# Data Analyst Certificate - Sales Strategies Analysis

**New Product Sales Methods**

Six weeks ago we launched a new line of office stationery. Despite the world becoming increasingly digital, there is still demand for notebooks, pens and sticky notes.

Our focus has been on selling products to enable our customers to be more creative, focused on tools for brainstorming. We have tested three different sales strategies for this, targeted
email and phone calls, as well as combining the two.

- **Email**: Customers in this group received an email when the product line was launched, and a further email three weeks later. This required very little work for the team.
- **Call**: Customers in this group were called by a member of the sales team. On average members of the team were on the phone for around thirty minutes per customer.
- **Email and call**: Customers in this group were first sent the product information email, then called a week later by the sales team to talk about their needs and how this new product
may support their work. The email required little work from the team, the call was around ten minutes per customer.

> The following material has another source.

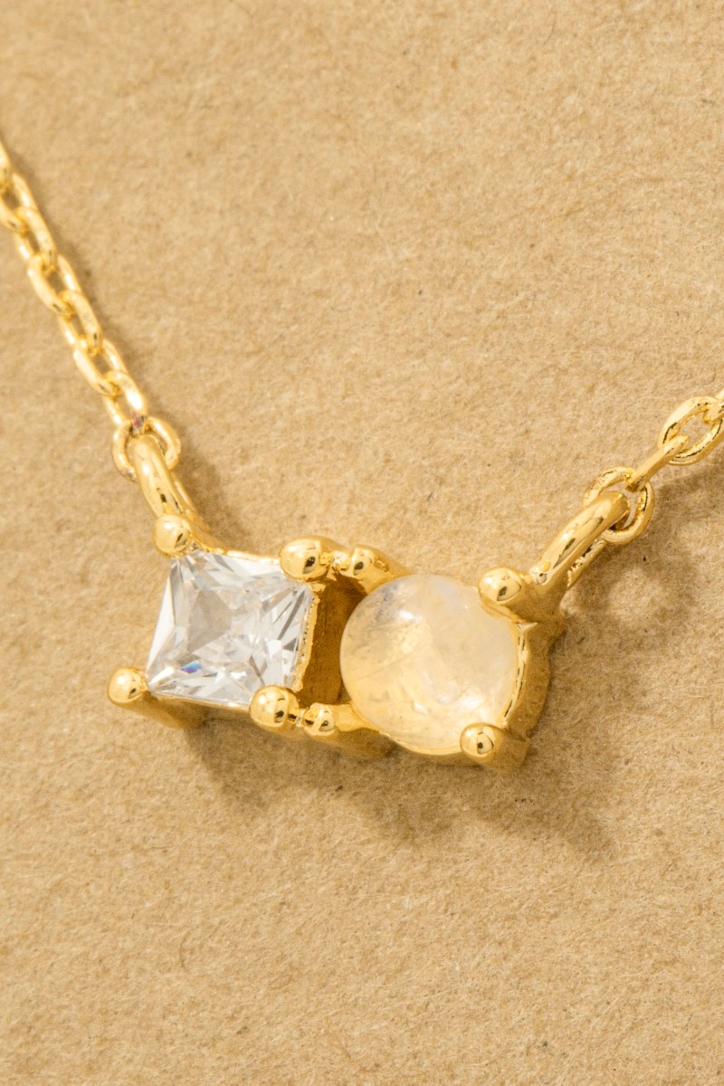- This trending necklace showcases a unique dainty moonstone charm necklace style. Unveil a new dimension of sophistication as this trending necklace effortlessly enhances the elegance of your ensemble.

The sales rep has pulled some data from their sales tracking system for us. They haven’t included numbers for how much time was spent on each customer, but there may be some other useful customer information in here.

|Column Name | Details|
|------------|--------|
|`week`             |Week sale was made, counted as weeks since product launch|
|`sales_method`     |Character, which of the three sales methods were used for that customer|
|`customer_id`      |Character, unique identifier for the customer|
|`nb_sold`          |Numeric, number of new products sold|
|`revenue`          |Numeric, revenue from the sales, rounded to 2 decimal places.|
|`years_as_customer`|Numeric, number of years customer has been buying from us (company founded in 1984)|
|`nb_site_visits`   |Numeric, number of times the customer has visited our website in the last 6 months|
|`state`            |Character, location of the customer i.e. where orders are shipped|

# Data Validation

Before cleaning and validation, the dataset contains 15000 rows and 8 columns. After initial exploration, three main issues were found:
- There are typos in the `sales_method` column.
- There are forbidden values in the `years_as_customer` column.
- There are missing values in the `revenue` column.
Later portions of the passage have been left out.